01:00:20 We give them a camera.

01:00:21 What if we gave them AI as one of the tools they could point at the people and ask, you know, and analyze what the results are coming out of that machine, right?

01:00:28 So they basically said, all right, the second one would take six pathologists.

01:00:32 And they said they found it easier to detect small cancerous regions.

01:00:46 And it only took half the time.

01:00:48 At least for me, like in terms of where AI can be helpful in health care, especially these life-saving moments when the earlier that you detect cancer, for example, the more likely you are to be able to treat it.

01:00:59 Like it's so complicated.

01:01:01 Like I feel like the medical profession, the amount that doctors are expected to hold in their minds in order to like recognize relevant pieces of information and put together like a theory of the case.

01:01:13 You know, what might this be based on all the pieces of information that I'm seeing?

01:01:16 It is really like a marvel.

01:01:19 I have nothing but respect for doctors who go through the amount of training that they go through, the amount of information that they're able to retain, and the kind of creativity that's required to recognize these different symptoms and put together, you know, some likely candidates for what might be ailing the patient.

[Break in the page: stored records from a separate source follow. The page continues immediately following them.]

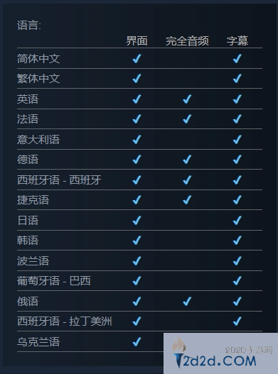 而根据Steam商店页面的最新信息,玩家将能在本作中体验到多种语言的配音,包括英语、法语、德语、西班牙语、捷克语以及俄语。
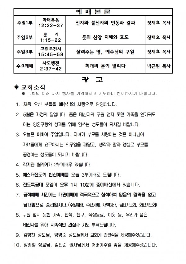 2022년 5월 8일 예배본문 & 교회소식 페이지 정보 작성자 성은교회 작성일22-05-06 15:01 조회5,753회 관련링크 이전글 다음글 목록 본문 2022년 5월 8일 예배본문 & 교회소식 이전글 다음글 목록
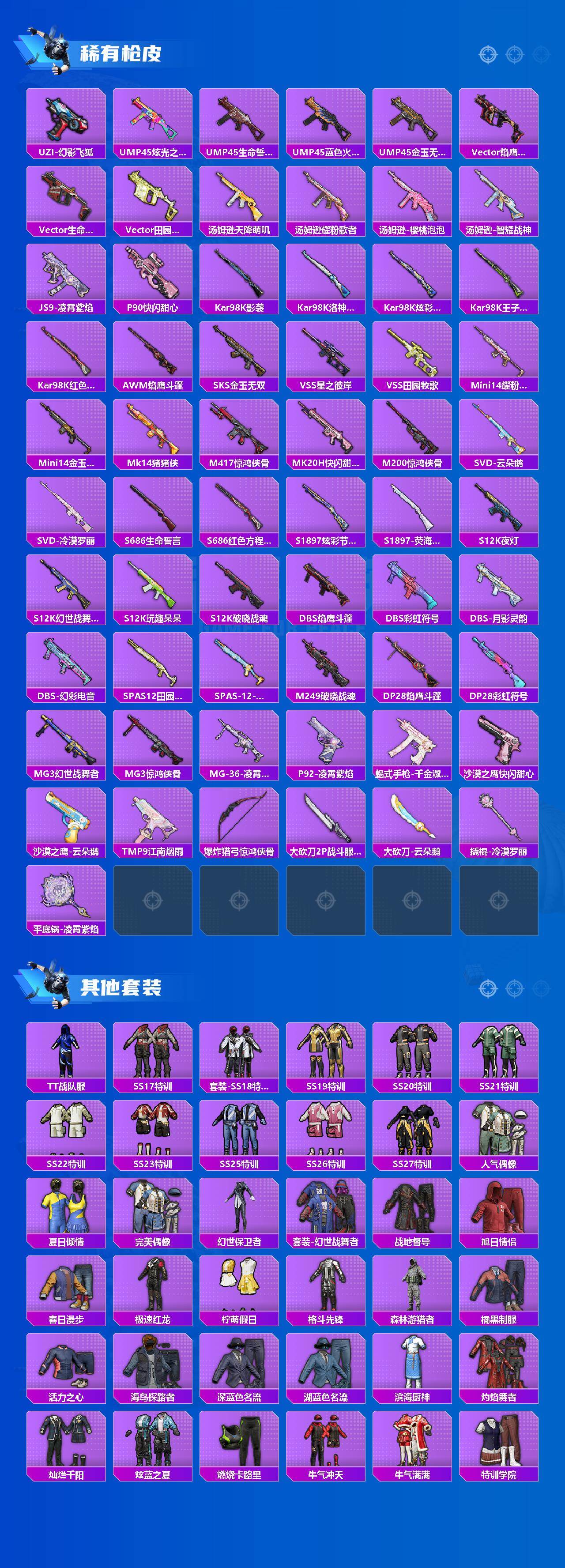 【粉色枪皮等级】:GROZA-镜光银凌(五级),ACE32-萌骑漫游(五级),UMP45-萌骑冒险(五级),Kar98K-巳巳如意(
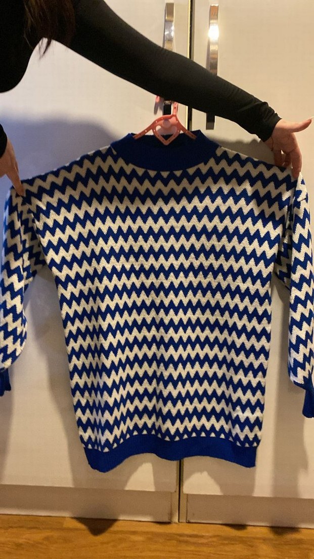 Bu dar kesim kadın kazağı, yüksek yakalı ve uzun kolludur. Parlak mavi zigzag desenli triko kumaştan üretilmiştir. Günlük kullanıma uygun, rahat ve şık bir sokak stili sunar.

01:01:33 However, that type of pattern matching, assuming that you can capture accurate data, is exactly what machines have become really, really, really good at.

01:01:43 And so I do think this is an area where, again, assuming that good data is available, and I think when it comes to something that is more kind of binary to determine, like whether or not there's cancer tissue, like cancer tissue present, and we can take an image of a region of the body and sort of reliably provide that to the algorithm that's trying to make a determination about whether or not cancer is present.

01:02:03 Like, in examples like that, where the data is readily available, I think there's no reason that AI can't be a really powerful assistant so that doctors with all their knowledge and creativity can't augment that and sort of help recognize where they might have blind spots or where there might be technical limitations to their ability as human beings.

01:02:22 Like, our eyes only work so well.

01:02:52 I think that's open source earlier.

01:03:22 Aggregate knowledge of the medical community can be available to any practitioner, which is kind of amazing.

01:03:27 Yeah, it's pretty amazing.

01:03:28 So you spoke about the computers detecting these really careful, nuanced details and images.

01:03:34 And I would say China is doing a whole lot of interesting stuff like that to sort of assess people.

01:03:40 So they've got crazy facial recognition, the stuff going on over there.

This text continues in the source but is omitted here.